FAQs

FREQUENTLY ASKED QUESTIONS

A. ‘CE’ stands for Communauté Européenne (European Community). CE Marking was introduced in the year 1995 &it’s purpose was to promote the free movement of goods within the European Community. CE marking can be applied to any type of product where ‘CE Mark’ can be fixed. In CE Marking a manufacturer of the product or equipment or its authorized representative has to declare complies with all applicable European Directives.
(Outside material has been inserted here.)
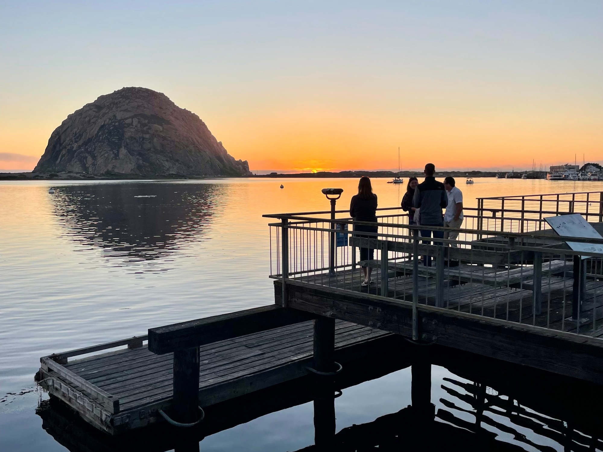 In the evening when the sun sets and glows above the Pacific Ocean, the views are stunning. The only sounds are barking from the local seals on a nearby dock.

A. Yes CE Marking is a mandatory (legislative requirement) in most of European countries & in other continents it is trusted as a ‘mark of safety’ or ‘Mark of quality’. CE Marking on a product indicates that the product meets compulsory requirements defined in the applicable Community

Directive/s.

The ‘CE Mark’ symbol is affixed by manufacturers or their authorized EU representative. In exceptional cases, when permitted by the directive, it can be affixed by the party responsible for putting the product on the market in the EU. It must be affixed at the end of the production phase and be of an appropriate size (no smaller than 5 mm) and, where possible, must be placed on the product or the data plate. A ‘CE Mark’ on a product must be visible, legible and indelible

A technical file is a products ‘biography’ & it contains all information about a product which includes : product picture, drawings, components / raw materials, product flow chart, QC / QA program, testing done along with test parameters, product safety guidelines etc. A technical file contains all the evidences required to support the declaration of conformity. Each directive in CE Marking specifies the content of the technical file. The technical file requirements for each directive are slightly different from each other. Atechnical file must be kept secured and made available for inspection when required by an enforcement authority for a period defined in the directive. For example: In the case of the machinery directive, the period is 10 years after the last product was manufactured.
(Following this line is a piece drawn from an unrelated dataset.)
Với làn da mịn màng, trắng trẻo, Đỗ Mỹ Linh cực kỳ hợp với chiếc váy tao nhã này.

A. When we combine two or more CE marked products, it doesn’t always make a CE compliant product automatically. It may happen due to many reasons for example, components can fall under directives which may not be exactly applicable on final product or final product needs to comply with some additional requirements which components doesn’t meet.
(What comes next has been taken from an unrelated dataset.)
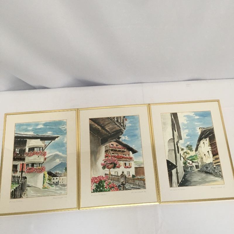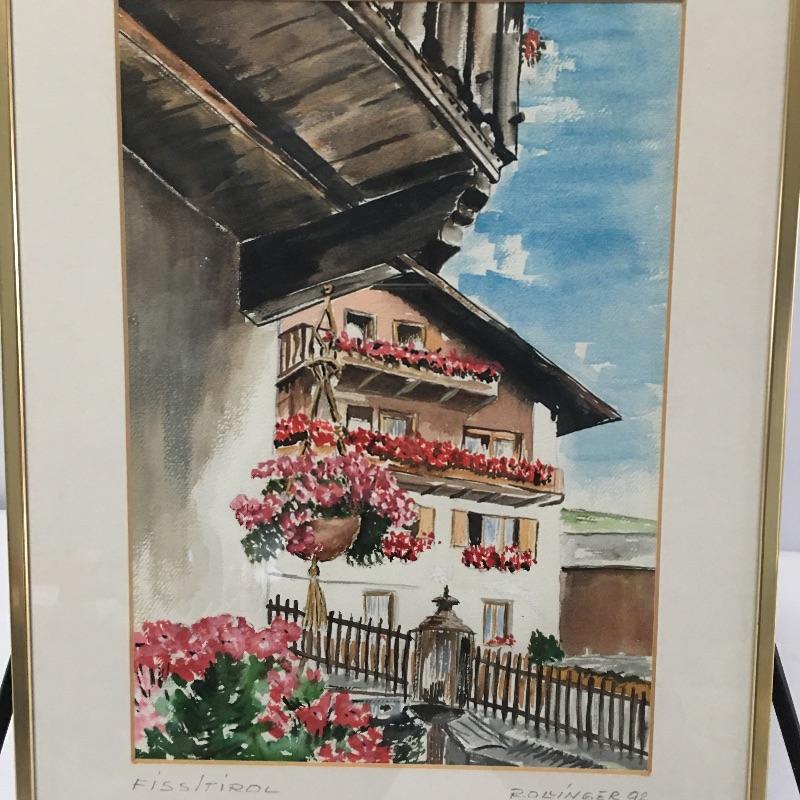 Trio of Rollinger watercolors from Fiss/Tirol in Austria. All are signed by Rollinger and dated 92. The vibrant colors in the pieces make you long for spring when all the flowers are in bloom. Frames measure 12” x 16”.

A. CE Marking is a legislative requirement of Europe so a product must meet requirements of it’s applicable directive. To get knowledge of the scope of responsibilities, you can refer to Law 22/94, of 6th July, which regulates civil liability for damages caused by defective products, and which adapts the provisions of the Directive 85/374/CEE, of 25th July, to national law, aimed at achieving a standardized judicial regime within the EU with regard to such liability.For the shake of control, different European government sets annual inspection plans. Government may ban circulation of product & can blacklist the company for future

A. CE marking through a notified body gives a confidence that all necessary CE Marking Requirements has been met. But it is not necessary to go through a notified body in all products, in certain less critical products a manufacturer can make self declaration or can take services of any competent third party.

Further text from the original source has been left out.